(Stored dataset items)
= Beginning of Section =

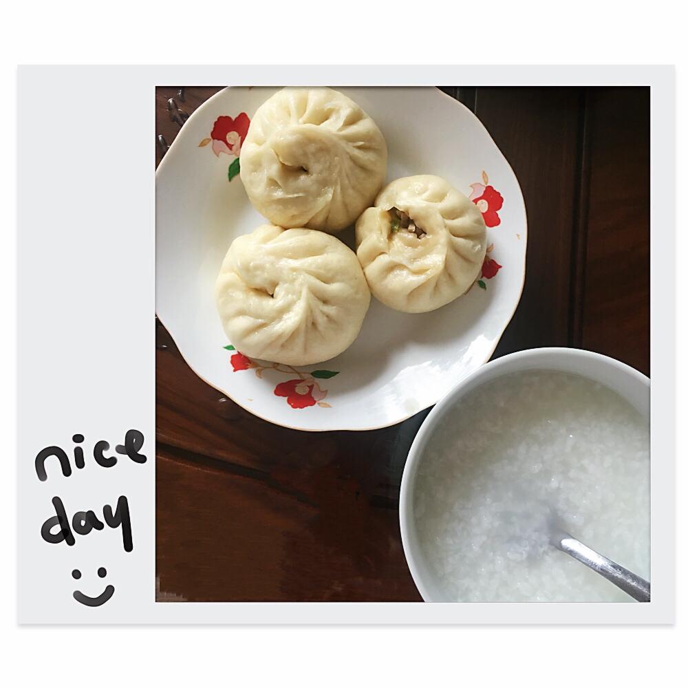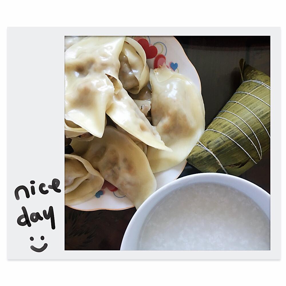 白米粥+蒸饺+婆婆包的粽子
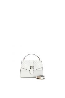 Small stiff satchel in saffiano material with closing flap embellished with micro studs and personalised with cafènoir charm which can be carried by hand or with a shoulder strap.
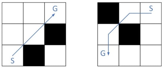 The A* algorithm utilizes an open list and a closed list to manage nodes to be expanded and those that have already been expanded, respectively [19]. When a node is searched, the adjacent nodes are added to the open list and their evaluation values are calculated using Equations (1) and (2). The node with the smallest evaluation value is then selected as the next node to be expanded and is added to the closed list. This process continues iteratively until the target node is added to the closed list, indicating that the A* algorithm has successfully found a path.
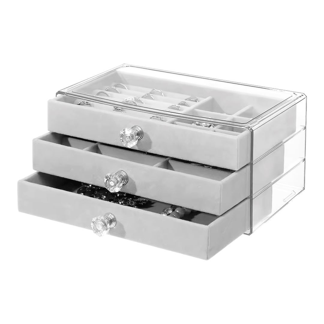 Estuche para alhajas- 3 pisos con tapa acrílico-
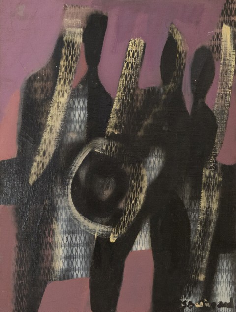 Estimation:120/150 Solange BERTRAND (1913-2011). « Personnage sur fond mauve ». Huile sur toile signée en bas à droite. 61×46,5cm.
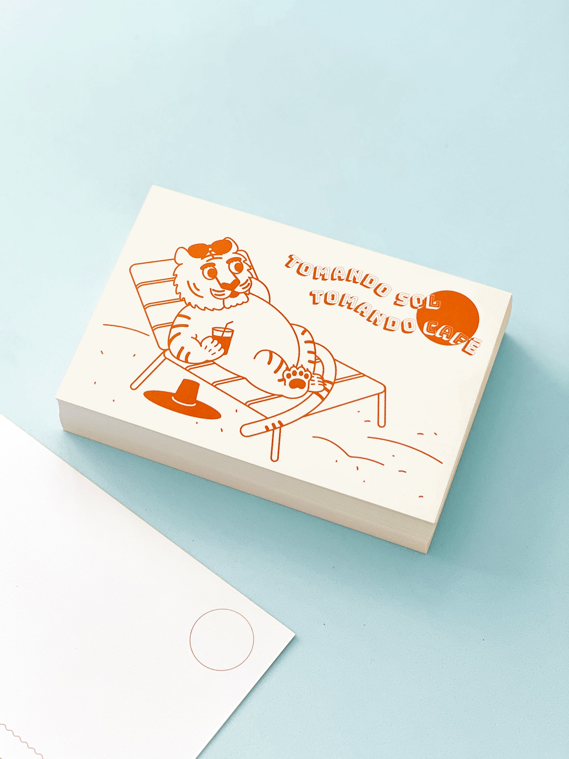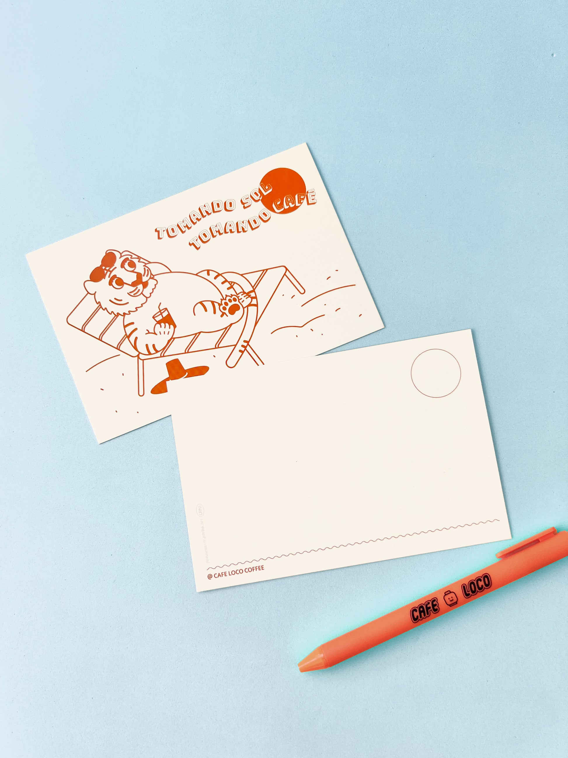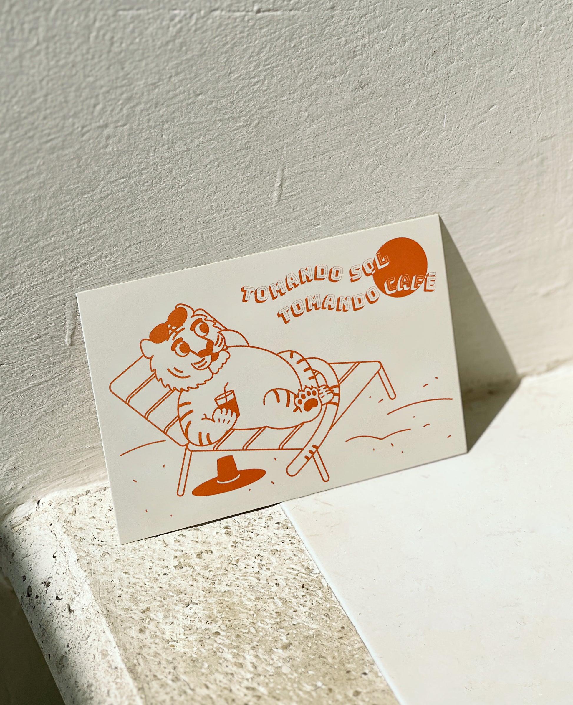 Illustrated postcard of Horang enjoying the blazing sun of the Yucatan Peninsula with a cup of coffee.

= End of Section =

▸ **WORK INSTRUCTION**
The records above are to be repeated word for word, with the pictures omitted.

▸ **SOLUTION FOR THIS PROBLEM**
 白米粥+蒸饺+婆婆包的粽子
 Small stiff satchel in saffiano material with closing flap embellished with micro studs and personalised with cafènoir charm which can be carried by hand or with a shoulder strap.
 The A* algorithm utilizes an open list and a closed list to manage nodes to be expanded and those that have already been expanded, respectively [19]. When a node is searched, the adjacent nodes are added to the open list and their evaluation values are calculated using Equations (1) and (2). The node with the smallest evaluation value is then selected as the next node to be expanded and is added to the closed list. This process continues iteratively until the target node is added to the closed list, indicating that the A* algorithm has successfully found a path.
 Estuche para alhajas- 3 pisos con tapa acrílico-
 Estimation:120/150 Solange BERTRAND (1913-2011). « Personnage sur fond mauve ». Huile sur toile signée en bas à droite. 61×46,5cm.
 Illustrated postcard of Horang enjoying the blazing sun of the Yucatan Peninsula with a cup of coffee.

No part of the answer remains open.